The percentage of students with sufficient knowledge was slightly higher than 50%. Although other studies have found that the values of ignorance of this topic revolve around 60%3,14,15, In general, the concepts of biostatistics in our environment are low5. Furthermore, the question that had the fewest correct answers was the one that requested an interpretation of the p-value, despite the fact that the majority knew the concept of the p-value as probability. Works such as Lecoutre et al.16 and Badenes-Ribera14) have found that there is a weakness in the interpretation of this. This also means that the lack of knowledge of the value p is more frequent to the interpretation than to the theoretical concept. This may be because when health professionals read scientific articles, they do not usually apply an interpretation beyond applying the p < alpha rule to know if there are statistically significant differences or not17.

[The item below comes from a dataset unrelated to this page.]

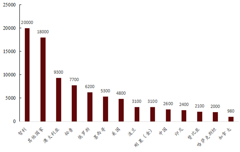 全球銅資源儲(chǔ)量分布較集中,據(jù)USGS數(shù)據(jù),2022年全球銅儲(chǔ)量8.9億噸,其中智利、澳大利亞、秘魯儲(chǔ)量規(guī)模居前,分別占比21%、11%、9%,CR3達(dá)到 41%。從供應(yīng)來(lái)看,智利、秘魯、剛果(金)為全球銅礦最重要的供給來(lái)源,2022年銅礦產(chǎn)量分別達(dá)520、220、220萬(wàn)噸,占全球銅礦供給分別 24%、10%、10%。值得注意的是,智利正面臨礦山老化、品位下降的問(wèn)題,年產(chǎn)量于2018年見(jiàn)頂于583 萬(wàn)噸,隨后逐年下滑;秘魯2019年產(chǎn)銅246萬(wàn)噸,隨后受疫情和當(dāng)?shù)卣值纫蛩財(cái)_動(dòng)有所減量,也在逐年下滑,2022年產(chǎn)量220萬(wàn)噸;而非洲代表國(guó)家剛果(金)銅供給增量顯著,逐漸成長(zhǎng)為最重要的供給國(guó)之一,年產(chǎn)量從2012年的60萬(wàn)噸增長(zhǎng)到2022年的220 萬(wàn)噸,與老牌產(chǎn)銅國(guó)秘魯相當(dāng)。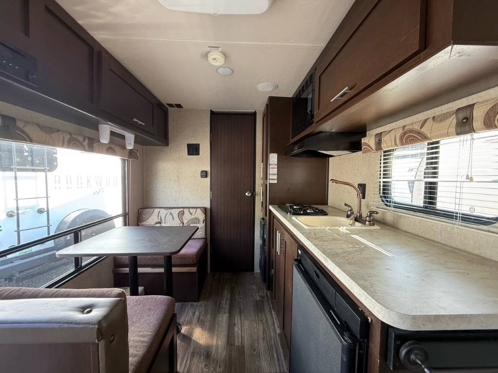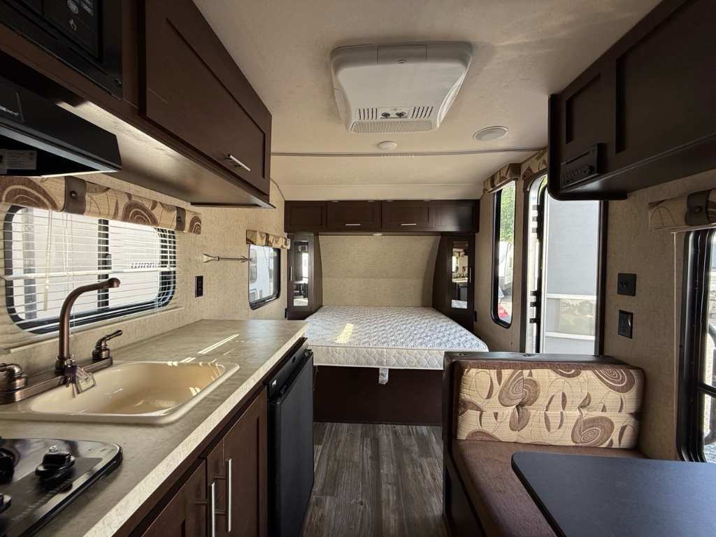 Forest River Cherokee 16FQ 2017Roulotte – Forest River 16FQ Cherokee - Petite par sa taille, grande par sa fonctionnalité — la Forest River 16FQ 2017 est la roulotte idéale pour ceux qui veulent voyager léger tout en profitant du confort d’un VR complet. Dimensions & Capacités : • Longueur totale : 21.5 pieds • Poids à sec : 2 919 lbs • Réservoir d’eau douce : 32 gal • Réservoirs d’eaux usées : 46 gal • Couchages : Jusqu’à 3 personnes 5 caractéristiques principales : • Légère et compacte - Avec un poids à vide de 2?919 lb, elle est facilement tractable par un VUS ou un petit camion. • Bonne autonomie - Réservoirs de 32 gal (eau propre) et 23 gal pour eaux usées, plus une bonbonne de propane de 20 lb. • Cuisine pratique et complète - Comprend une cuisinière 2 ronds, un évier, un frigo, et une dinette transformable en couchage. • Couchage pour 2 à 3 personnes - Un lit queen à l’avant et une dinette convertible, parfait pour un couple ou petite famille. • Salle de bain arrière complète - Toilette, douche et lavabo intégrés — rare pour une roulotte aussi compacte. Compacte, autonome et bien pensée, cette roulotte offre tout ce qu’il faut pour vivre l’aventure… sans compromis, ni surcharge. *** Prendre note que les photos et les options décrites peuvent différées *** Toute l'équipe de Centre du VR est fière de vous présenter le plus vaste inventaire de véhicules récréatifs neufs et d'occasions à vendre au Québec. Vous y trouverez notamment les marques Columbus, Rockwood, Impression, Kodiak, Coleman, Cruiser RV, Flagstaff, E-Pro, Springdale, Sunset Trail, Cougar, Chaparral, Bontrager Outdoors, motorisés Axis, Hurricane, Outlaw, Coachmen Cross Trail, Prism, Echelon, Fleetwood, Four winds, Compass, Beyond, Nova et Pixel. Remorques N&N, Apogée et Armorteck sont aussi disponibles. En inventaire pour vous, la série de génératrices Ducar. Vous avez un coup de coeur ? Envoyez-nous une demande d'information. Financement sur place. N'oubliez pas également que rien ne vaut une visite du modèle qui vous intéresse pour vous aider à prendre une décision éclairée. Passez donc nous voir afin de jeter un coup d'oeil plus détaillé à nos caravanes et caravanes à sellettes neuves.

Both age and gender were not associated with knowledge about p-value. The first should not, since the gender difference should not cause a greater or lesser knowledge of it, and it is consistent with what was found in other works3,6. In the case of the second, this may be due to the fact that it does not matter that they are older, if they have not studied the subject, they do not have to know this well3,16. No association was found between public and private universities, which also coincided with the work of Andreu et al.3.
With higher academic semesters, there have been several courses that request the need to understand the concepts of p-value, as in clinical courses, where published cases are discussed, so it allows you to learn more about the subject as you finish your degree. The Araoz-Melgarejo study had the same result when it evaluated biostatistical knowledge in medical students5.

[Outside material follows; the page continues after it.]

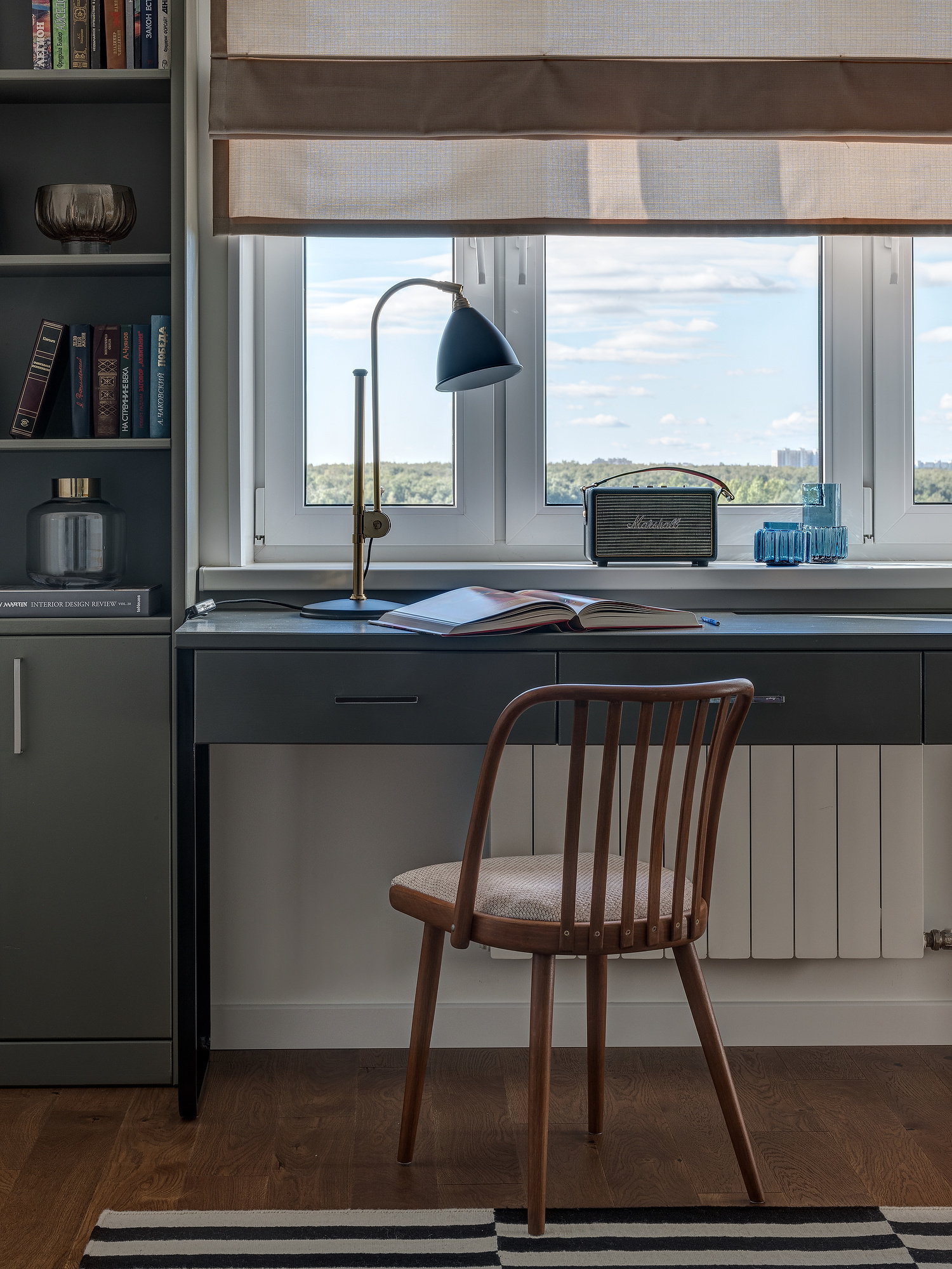 Дизайн гнездаГолубовато-серое рабочее кресло стоит у встроенного стола в спальне под окном и освещается медным бра.

Taking an external course in research allows the student to be instructed in the subject in a more focused way, first because it would not be a compulsory course, being voluntary on the part of the student, and, secondly, because these courses focus on deeper statistical topics18. The study by Andreu et al.3 found that the lack of training in scientific research methodology increased the probability of having less knowledge on this subject. Other investigations also found the same, although they were aimed at knowledge in biostatistics in a general way6,19,20. Furthermore, as more scientific articles are read and manuscripts are published, the understanding of the p-value is much greater. These results coincide with the works of Andreu et al.3, that reading less than 6 articles per year increased the probability of having less knowledge on this topic.

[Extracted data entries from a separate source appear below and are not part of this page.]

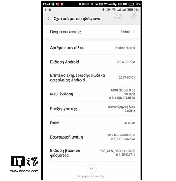 IT之家8月10日消息,据外媒报道, 小米已经开始向红米Note 4推送更新。更新包的大小1.3GB左右,在希腊,部分红米Note 4已经更新完成,截图显示,更新后的系统正是期待已久的安卓Nougat(安卓7.0)。
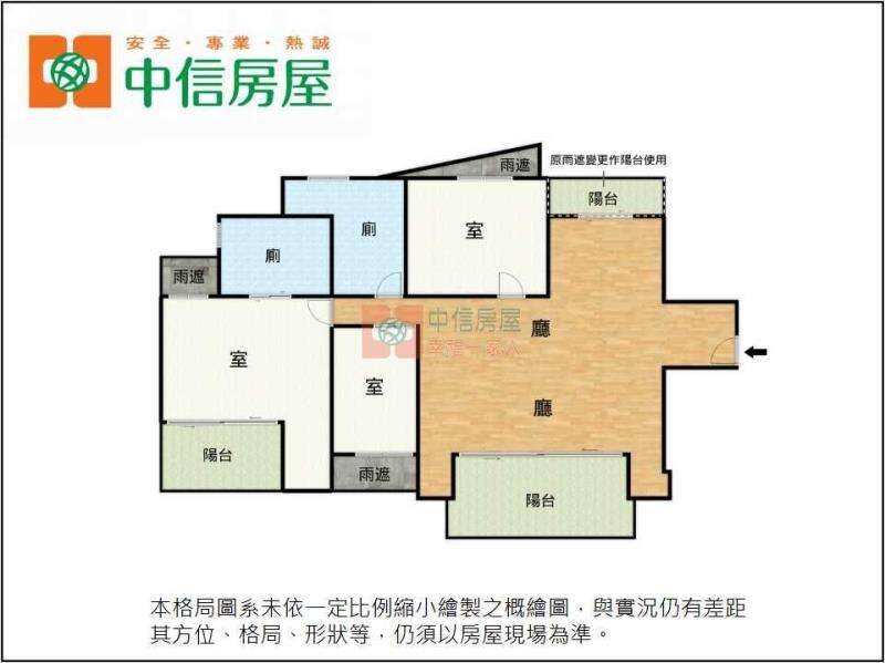4. 本頁面若有刊登格局圖,係未依一定比例縮小繪製之概繪圖,與實際狀況有差距時,以房屋現況為準。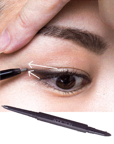 目の“補整効果”をしっかり出したいキレ長目は、ブラウンではなく黒のアイラインペンシルを使用。1で入れたシャドーをガイドにして、目なりにやや下げ気味に、目尻は8mm長く引いて。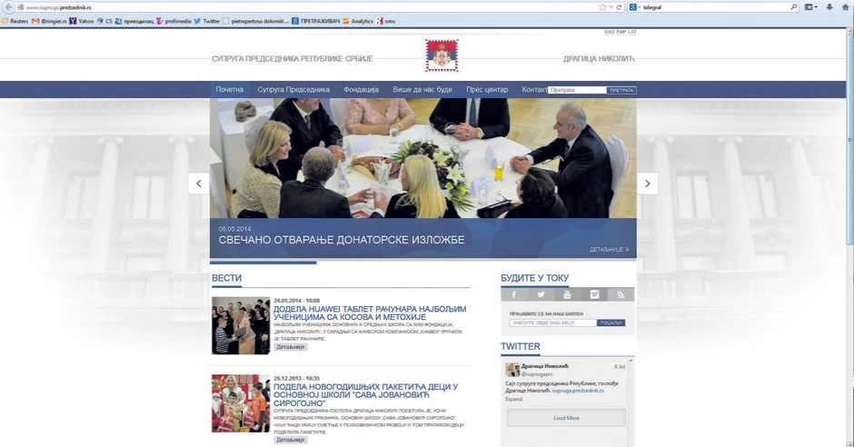Od pre tri dana postoji internet stranica Supruga.predsednik.rs, koja je poddomen predsednikovog sajta (Predsednik.rs) i vizuelno se ne razlikuje od zvanične internet prezentacije predsednika Srbije. Štaviše, kontakti na sajtu predsednikove supruge su isti oni koje koristi predsednik, pa se može zaključiti da predsednikov kabinet, pres služba, sekretar i ostali zaposleni rade i za nju i za njenu fondaciju!

This study has limitations. First, the questionnaire was sent through internet media to obtain a good number of undergraduate students. Second, since a probabilistic sampling has not been carried out, it is likely that it will not be representative at the national level; however, given the characteristics that may be similar among students, some inference could finally be made. Thirdly, the cut-off was arbitrarily grouped to define with what score it can be said that you have sufficient knowledge and the opposite. However, the authors considered that the median plus one would be an adequate score, in addition to considering that a dichotomized value is of greater analytical understanding.